I went today, no fish but ended up with a 20 G


----------



## jskate94 (Sep 2, 2011)

@Laki - ! what name have you picked out?! lol

@Tiki - that's what i need! lol, at least you know you'll be getting more fish in the future with that juicy 20 g!


----------



## Anitax3x (Aug 26, 2011)

wow that fish is gorg! I went to petco for a couple platies and cory cats and ended up with another tank and a DT male =X


----------



## jskate94 (Sep 2, 2011)

thank you!  and lol! it's a habit to always grab at least one thing while in there  have a pic of your boy? i'd LOVE to see


----------



## Laki (Aug 24, 2011)

I had my chance tonight. I went in for bunny hay and a betta heater and was looking at them... 2 which stood out and a couple pinkish ones. The 2 best looking ones were white and blue possibly marble (I can't tell yet) and one was CT and the other was VT!!  I didn't get them bc I wanna make sure I have everything I need for Lakitu first! 
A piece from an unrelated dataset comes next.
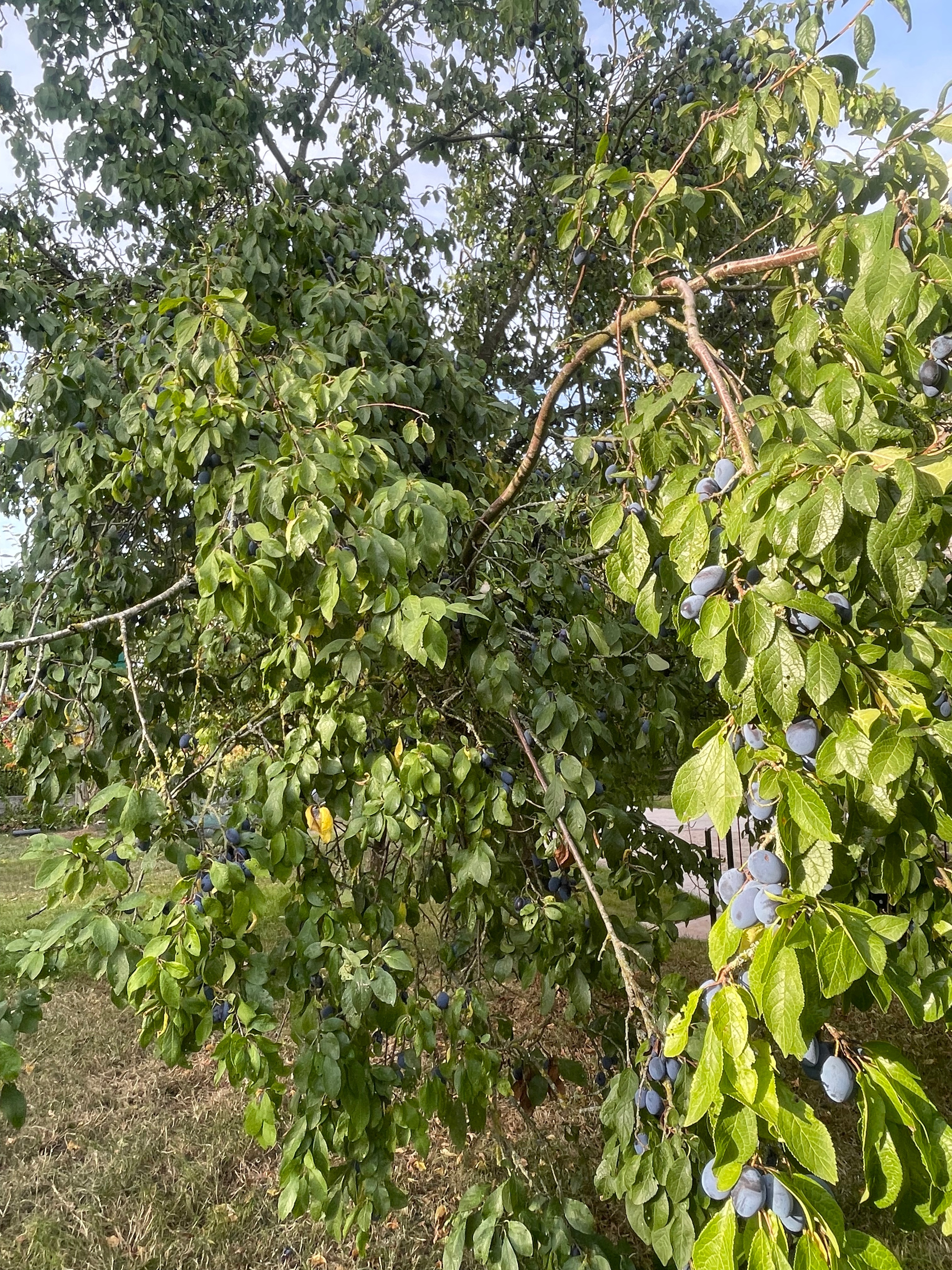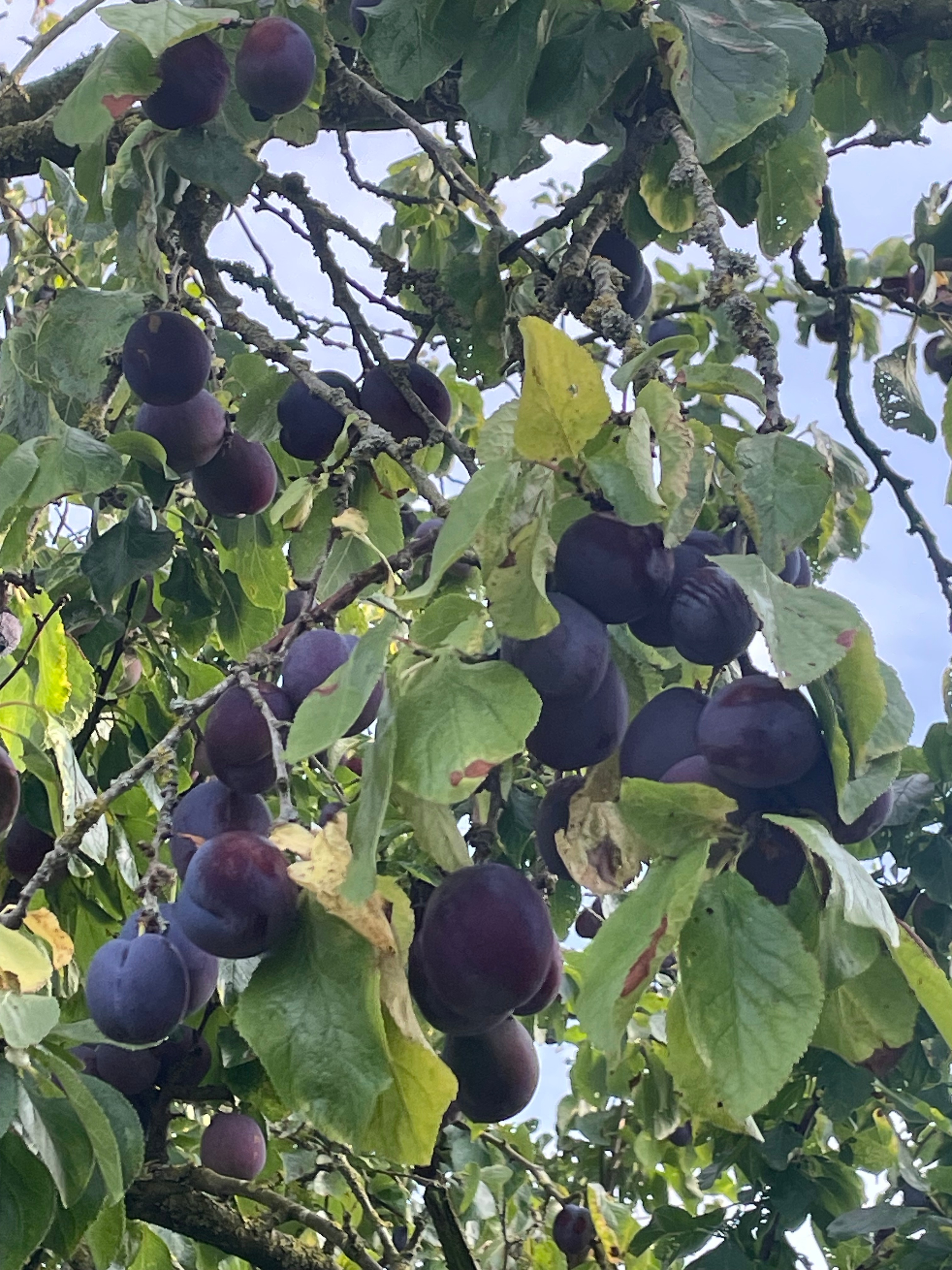 A little earlier than in previous years, this week our 2025 fruit season officially started. We’re having really difficulties this year navigating wasps, birds, squirrels and the heat when it comes to our fruit trees. We had a fabulous start with huge amounts of blossom and fruit, only to watch as bit by bit it disappears before it’s ripe or we get time to pick it. A few of our trees are also showing signs of trauma from the build last year, with weaker branches or parts of the tree that have concentrated on regrowing instead of fruiting.

The name I picked out for my next boy is Bowser. <3 <3


----------



## animallover4lyfe (Jul 7, 2010)

oh i hate you!!!!!!!!!!!!!!

im on a search to find a marble/white hm male!!! UGH so hard to find here!!!!


----------



## missm83 (Aug 23, 2011)

i went to petco for a new plant today...and came home with a new tank lol..i need to stay away!! i dont have room for a bigger tank...my boy went from 1 gallon to 2.5..it barely fit on my night stand..but he seems to love it! i looked a the bettas but no way i can have 2..i wish..i seen few little guys that looks so sad...and one was dead it was upsetting


----------



## Yaoilover12397 (Aug 12, 2011)

Why can't it be january. I want to buy more stuffies...Like bettas and tanks and marimo.


----------



## Laki (Aug 24, 2011)

I tested my bf tonight to see what he thought of having another betta.. I convinced him in 2 seconds just now with a pic of mustard gas. You can have all the blue-white marbles in the world, animallover, if I can have 1 mustard!!


----------



## jskate94 (Sep 2, 2011)

@Laki - Bowser & Wario!  and LOL! the mustards are what got my mom too! lmao

@animallover - search "platinum" or "opaque" or "marble" on aquabid! 

@yaoi - january's only 4 months away!


----------



## Yaoilover12397 (Aug 12, 2011)

But its so far D: I want lots of tanks and bettas so that in early june i can do my first spawn


----------



## jskate94 (Sep 2, 2011)

lol, i'm gonna try doing my first spawn this December  why can't you go to the store now?


----------



## Yaoilover12397 (Aug 12, 2011)

My mommy wont let me. Xd I clould, i have the money!


----------



## jskate94 (Sep 2, 2011)

@miss - sorry i didnt see ur reply till now! n lol! i think we all doo  i always get a broken heart everytime i see a dead one


----------